WHAT THE EXERCISE ASKS:
Among the entries below, only the lines starting at the one with "在黑猫投诉平台上看到,与老年" and ending at the one with "Description: Large group", both included, are to be printed exactly.

DATA UNDER STUDY:
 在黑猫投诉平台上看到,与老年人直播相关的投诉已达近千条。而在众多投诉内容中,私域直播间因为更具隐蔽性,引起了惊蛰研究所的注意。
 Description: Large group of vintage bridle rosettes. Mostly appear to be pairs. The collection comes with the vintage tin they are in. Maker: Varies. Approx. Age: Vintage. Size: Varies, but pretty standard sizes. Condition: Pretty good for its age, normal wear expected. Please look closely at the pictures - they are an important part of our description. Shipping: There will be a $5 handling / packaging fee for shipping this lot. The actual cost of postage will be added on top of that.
...
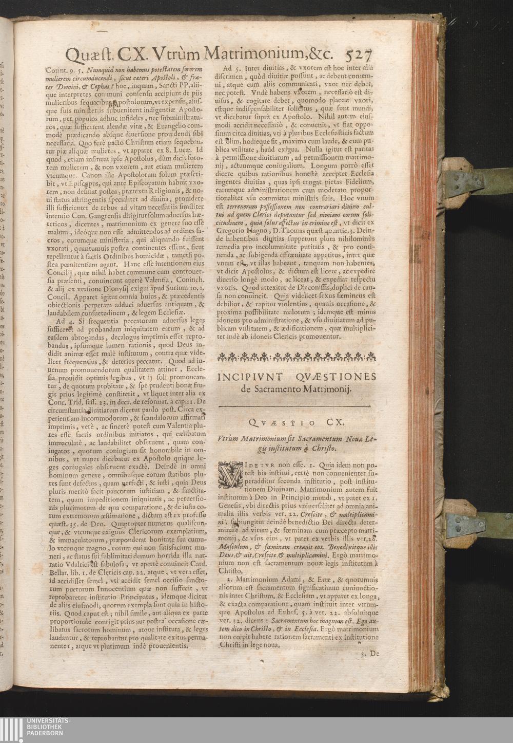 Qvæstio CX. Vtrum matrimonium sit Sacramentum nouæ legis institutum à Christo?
...
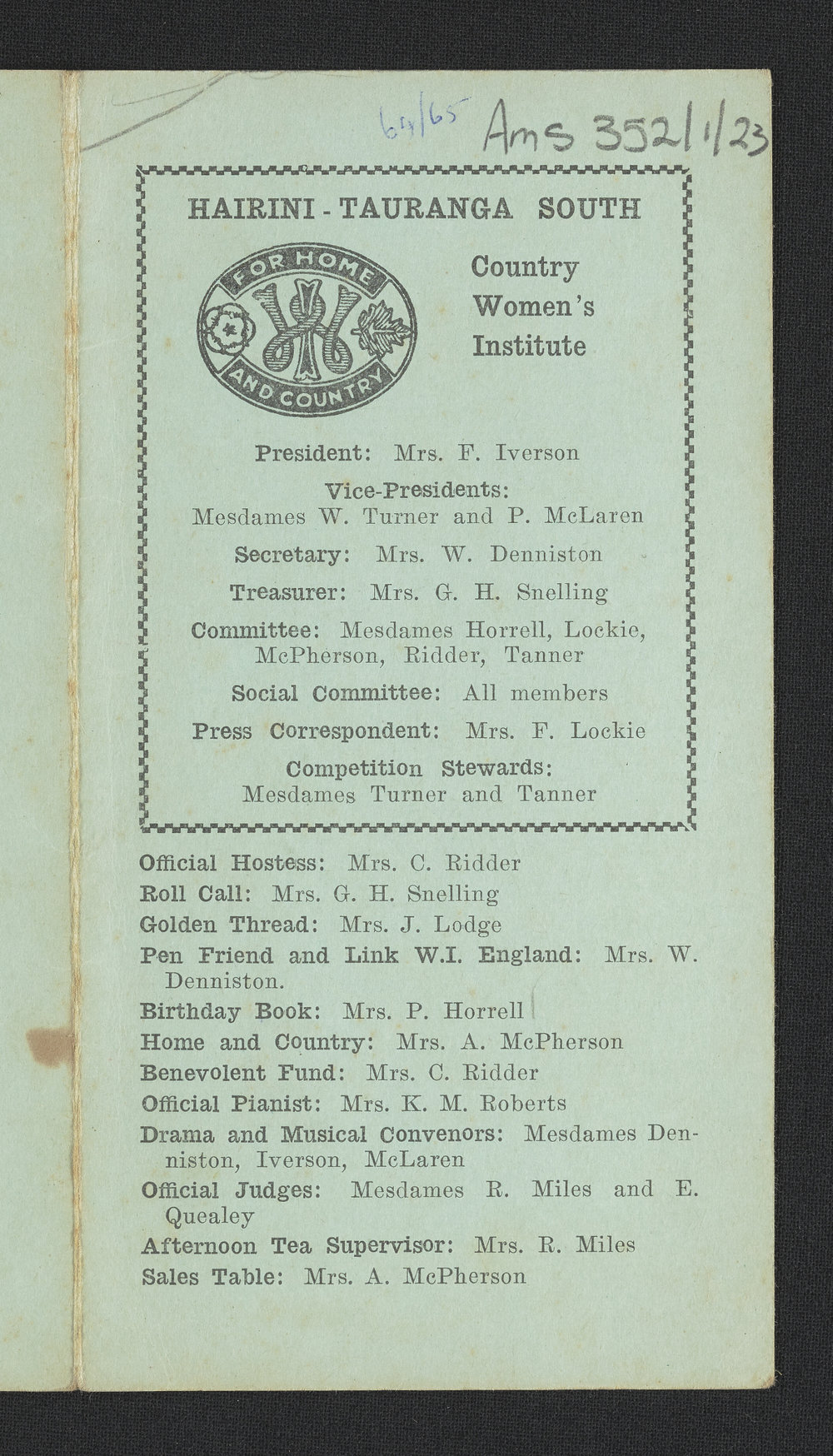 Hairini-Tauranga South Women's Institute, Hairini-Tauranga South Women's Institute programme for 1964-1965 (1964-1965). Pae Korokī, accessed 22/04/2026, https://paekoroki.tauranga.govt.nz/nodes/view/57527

RESPONSE:
 在黑猫投诉平台上看到,与老年人直播相关的投诉已达近千条。而在众多投诉内容中,私域直播间因为更具隐蔽性,引起了惊蛰研究所的注意。
 Description: Large group of vintage bridle rosettes. Mostly appear to be pairs. The collection comes with the vintage tin they are in. Maker: Varies. Approx. Age: Vintage. Size: Varies, but pretty standard sizes. Condition: Pretty good for its age, normal wear expected. Please look closely at the pictures - they are an important part of our description. Shipping: There will be a $5 handling / packaging fee for shipping this lot. The actual cost of postage will be added on top of that.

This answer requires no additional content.